第13話 海の恵みの肥料と、君を迎え入れるための街
塩抜きが終わったイサウィラの畑。
絶えず吹き付ける強烈な潮風の中、俺は街の漁師たちがゴミとして海に捨て、港の悪臭と水質汚濁の元凶になっていた魚の骨や内臓、売り物にならない雑魚を大量に集めさせていた。
「ちょっとカイ、これ本当に土に混ぜるの? 凄まじい臭いなんだけど!」
セリアが銀色のショートヘアを潮風になびかせ、鼻を強引につまみながら叫ぶ。
「そうだ。これは魚肥といってな。前の世界でも沿岸部で盛んに行われていた、極めて優秀な有機肥料だ。窒素とリン酸が豊富に含まれていて、塩を抜いたばかりの痩せた土に爆発的な活力を与える」
「大将、本当にこんな臭えゴミが役に立つのかい?」
手伝いに駆り出された地元の漁師たちが、半信半疑な顔で魚の残渣を土に混ぜ込んでいく。

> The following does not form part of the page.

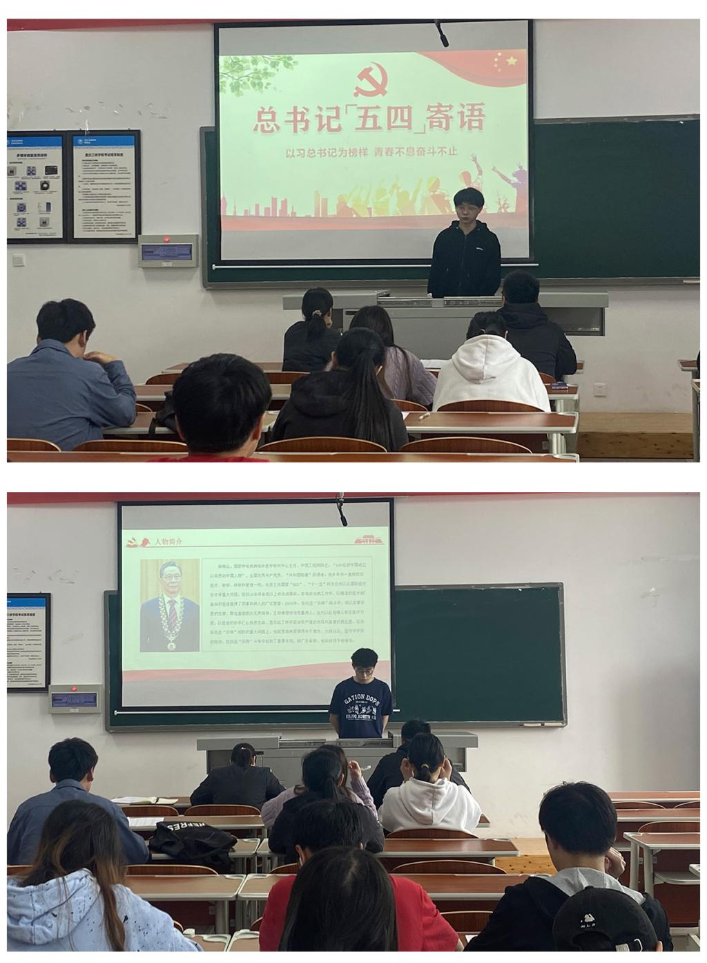 陈鹏、陈佳豪分别组织了“知敬钟南山事迹、学不朽精神”、“习总书记‘五四’寄语——以习总书记为榜样,青春不息奋斗不止”两个主题的理论学习。陈鹏以钟南山院士的事迹为基点,赞颂钟南山院士以实际行动诠释了“人民至上、生命至上”的使命担当,践行了一名共产党员的不变初心,鼓励广大青年要认真学习、传承、发扬这种敢言敢做、勇于担当的精神。陈佳豪以习近平总书记的成长经历为例,佐以习近平总书记在北京大学考察时的寄语—“忠于祖国、忠于人民”、“立鸿鹄志、做奋斗者”、“求真学问、练真本领”、“知行合一、做实干家”,讲述一代人有一代人的使命,青年人有青年人的担当。作为当代青年应当朝气蓬勃、好学上进、视野宽广、开放自信,可爱、可信、可贵、可为,积极同新时代共同前进。

「数日待てばわかる。微生物が分解を始めれば、嫌な臭いは消えて豊かな土の匂いに変わるはずだ。同時に、この容赦ない潮風から作物を守るために、畑の周囲に常緑樹を植えて防風林の壁を作る」
数日後、魚肥を混ぜ込んだ土壌は、見事な団粒構造を持ったフカフカの黒土へと生まれ変わった。
土が蘇ったことで、漁師も農民も目の色を変えて俺の指示に従うようになった。
「よし。土の基礎はできた。次は、この厄介な潮風を逆手にとる」
俺は広げた羊皮紙に、木炭で巨大な建造物のスケッチを描いた。
「風の力で動く風車だ。これで地下水を自動で汲み上げ、塩害で放置されていた低地を洗い流して農地を広げる。さらに……風車にタービンを組み込んで電気を起こす」
「デンキ……?」
セリアとレイラが同時に首を傾げた。
「光や熱、動力を生み出すエネルギーだ。俺の左腕のフロは超高効率のマイクロ太陽炉で動いているが、この街全体のインフラを整えるには、泥臭くても自前で稼働する発電設備が必要だ」
俺がそう呟いた、その日の午後。
『ピロリン♪ マスター・カイ! 街の図書館の地下倉庫から、大昔のオランダ型風車の詳細な設計図と、錆びていない発電モーターの部品が「偶然」発見されたとのデータを受信しました!』
「……またか」
俺は小さくため息をついた。相変わらず、俺の独り言に反応して都合よく降ってくる「上からの支援」だ。
だが、使えるものは全部使う。
俺はすぐに部品を回収させ、風車の建設を開始した。
――そんな矢先のことだった。
街の酒場で、内陸から来たという行商人がふとこぼした言葉が、俺の耳に飛び込んできた。
『真偽は不明だが一ヶ月ほど前、黒髪の珍しい女が、ここからずっと東にある赤土の巨大都市【マ・カレシュ】へ向かうキャラバンに同行していたらしい』
カオルかもしれない。いや……あいつ以外に誰がいる。
今すぐにでもこの街を飛び出し、マ・カレシュへと向かいたい衝動が全身を駆け巡った。
だが……俺は、建設途中の風車の骨組みと、ようやく芽を出し始めたばかりの防風林の苗木を見つめた。ここで俺が抜ければ、せっかくのインフラ計画も、農地拡大もすべて頓挫する。
(俺は……何のために、カオルを探している?)
焦る心を静め、自問自答する。
彼女を見つけ出すのは絶対だ。だが、見つけ出した後、彼女にまたこの過酷な世界を彷徨わせる気か?
……違う。カオルが安心して暮らせる、豊かで安全な拠点が必要だ。
「……焦るな、俺」
俺は拳を強く握りしめ、深く息を吐き出した。
「レイラ、セリア。俺はこの街を、地域最大級の漁業と農業のハブ都市に育て上げる。カオルを見つけ出し、連れ帰ってきた時……ここが最高の場所になっているようにな」
俺はイサウィラのインフラ大改革へと完全に没頭していった。
巨大な風車の羽根が力強く潮風を切り裂き、防風林が青々とした壁となって畑を囲むようになるまで。
かつては「無駄な足掻き」と笑われた土地は、今やイサウィラの豊かな食卓を支える生命線へと変貌していた。
それから、二年もの歳月が流れた。